В мастерской его выставлены изображения фельдмаршалов Веллингтона, Шварценберга, наследного шведского принца, короля французского и многих других. Король прусский представлен посреди площади Лудовика пятого на десять (Людовика XV. — О. Ш.). «Это небольшое тщеславие, — заметил Жерар, — но Его Величеству сие непременно угодно было... А сия картина познакомила меня с Наполеоном. Она представляет то мгновение Аустерлицкого сражения, когда генерал Рапп доносит императору, что французские войска одержали победу. После окончания сей картины Наполеон давал мне очень много поручений, и я бы был неблагодарен, если бы не признавался, сколько я обязан ему и фамилии его. Я с ним часто говаривал о живописи и несколько раз рисовал его с натуры; он не мог тер-
петь, чтобы ему смотрели в глаза. Сие самое заметил я и в короле прусском, у сего это происходит от скромности, а у Наполеона — от совести». Жерар учился в Риме; он школы Давида, которого он превозносит и говорит, что он ввел в живопись величественную простоту на место мелочей.» [7, с. 240-242].

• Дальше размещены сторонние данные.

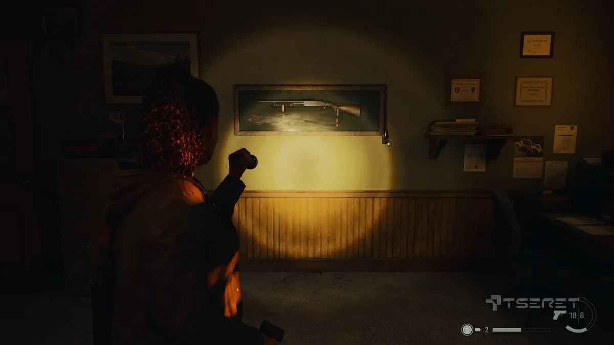 Cependant, dans Alan Wake 2, le fusil à pompe est verrouillé derrière un cadenas avec un code inconnu.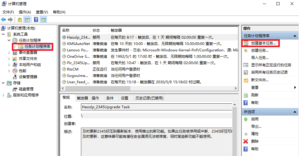 (1)此电脑-->右键点击“管理”-->进入计算机管理页面-->点击“任务计划程序”下拉的“任务计划程序库”-->点击“创建基本任务”;
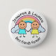 White background with a colorful rainbow starting and finishing at two white fluffy clouds. In front of the rainbow are two cartoon best friends holding hands. One friend is dressed in blue while the other is dressed in yellow. They have little tufts of hair on their heads, little black dots for eyes and a big smile. Templates are placed at the top and bottom of this adorable badge in playful curved text to add your names and message to personalize. Makes a great gift for your BFF.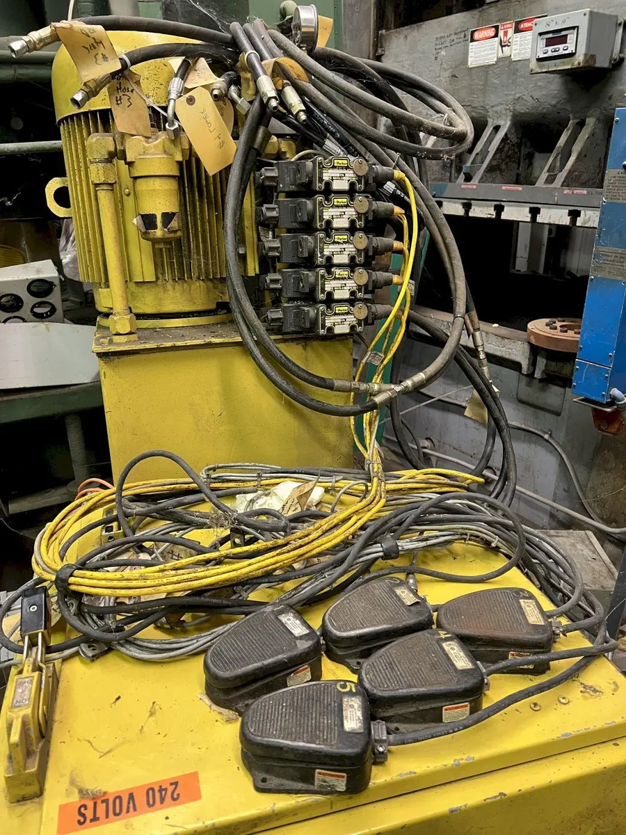 1 PREOWNED ENERPAC 5-STATION PRESS SYSTEM, HYD PUMP AND 15HP MOTOR, YEAR: 1999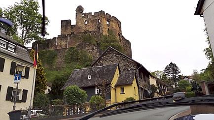 Das Wetter war zunächst noch regnerisch. Aber als wir gegen Mittag zu unserer Ausfahrt aufbrachen, waren die Straßen zwar noch nass, aber es hatte mittlerweile aufgehört zu regnen. Über herrliche Landstraßen näherten wir uns dem Zwischenziel in Balduinstein.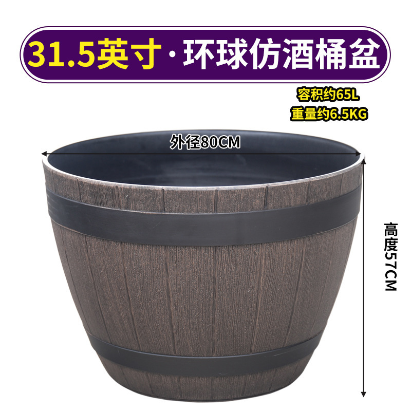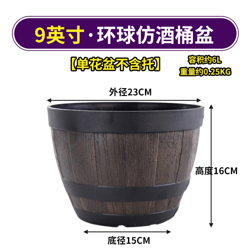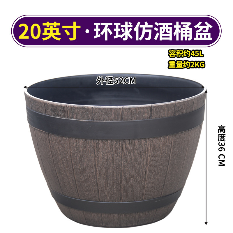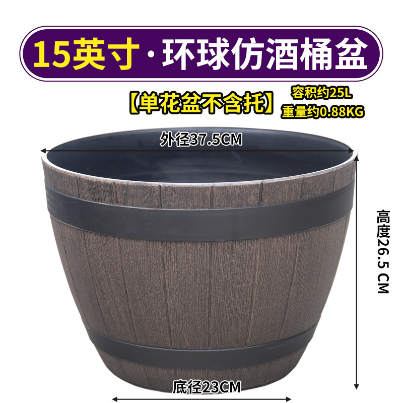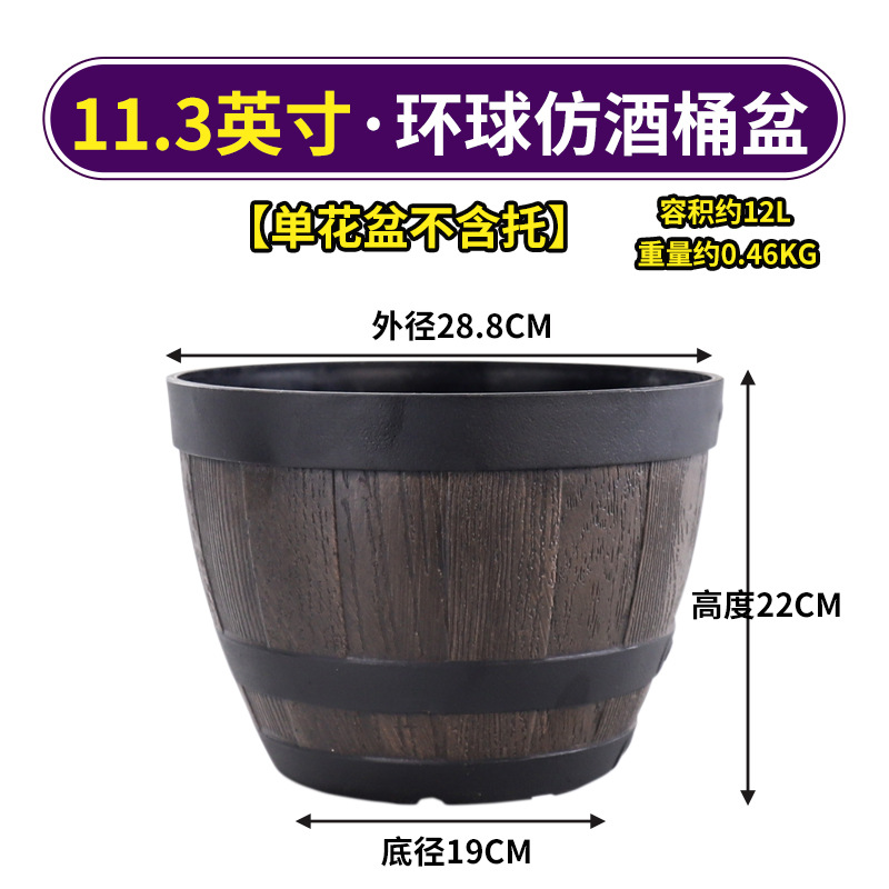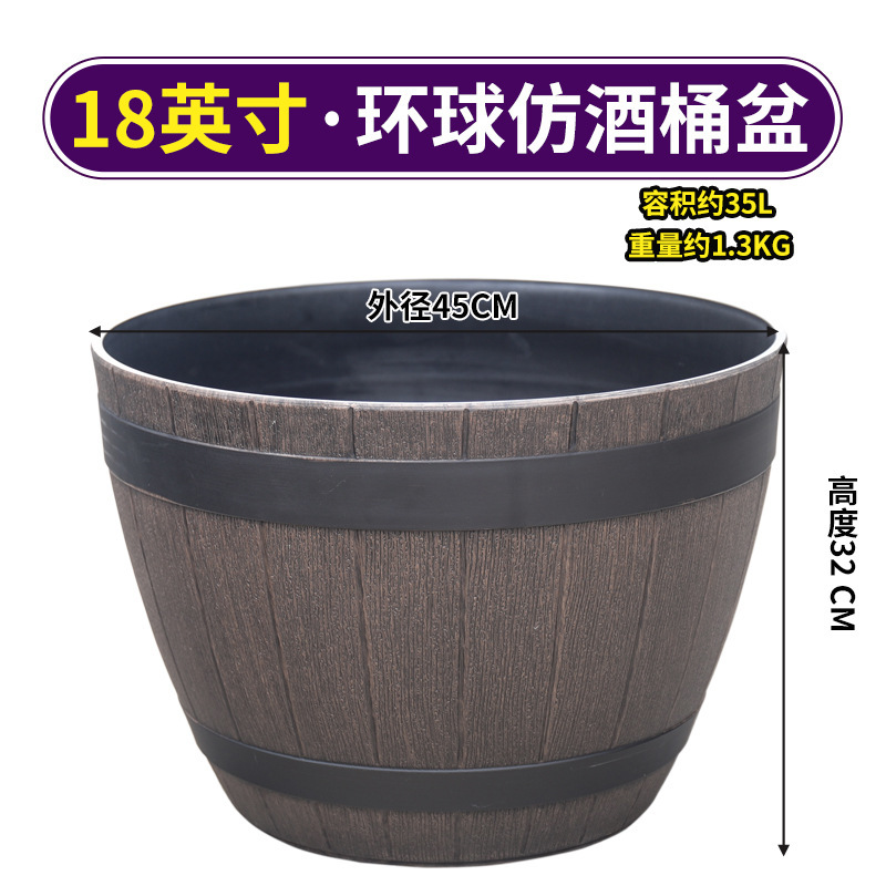 环球仿木花盆铁树花盆树脂花盆,复古酒桶造型花盆,树脂材质,使用寿命长。

Своеобразным трамплином для художника стал его шедевр — фактически панорамная композиция «Битва при Аустерлице», украшающая и поныне Зал сражений в Версале, заказ на которую исходил лично от Наполеона, пожелавшего таким способом обессмертить доблесть Великой армии и собственный апогей. Знаменовавшая собой крах Третьей коалиции и Священной Римской Империи германской нации, аустерлицкая победа 2 декабря 1805 г. послужила источником вдохновения для многих деятелей искусства, из которых почетное первое место принадлежит Жерару, с классической и изысканной простотой запечатлевшему эпический финал того знаменательного дня. Заходящее «солнце Аустерлица» сквозь окутавший все вокруг пороховой дым еще освещает поле сражения, усеянное человеческими телами, предметами амуниции и вооружения — этими немыми свидетелями триумфа наполеоновской тактики. «Мы поскакали галопом, — передает подробности адъютант французского повелителя, генерал Ж. Рапп, — когда вражеская кавалерия рубила наших солдат. Противник бросил добычу и бросился мне навстречу; кони галопом доставили четыре пушки, которые изготовились к стрельбе. Мы бросились на артиллеристов, захватили их пушки. Кавалерия уверенно ожидала нас, но была отброшена тем же ударом, и ей пришлось беспорядочно отступить. Прибывший мне на помощь эскадрон конных гренадеров смог достойно встретить резервы, поспешившие на выручку русской гвардии. Удар был ужасен. Пехота не осмеливалась вести огонь, настолько все перемешалось, и мы дрались врукопашную.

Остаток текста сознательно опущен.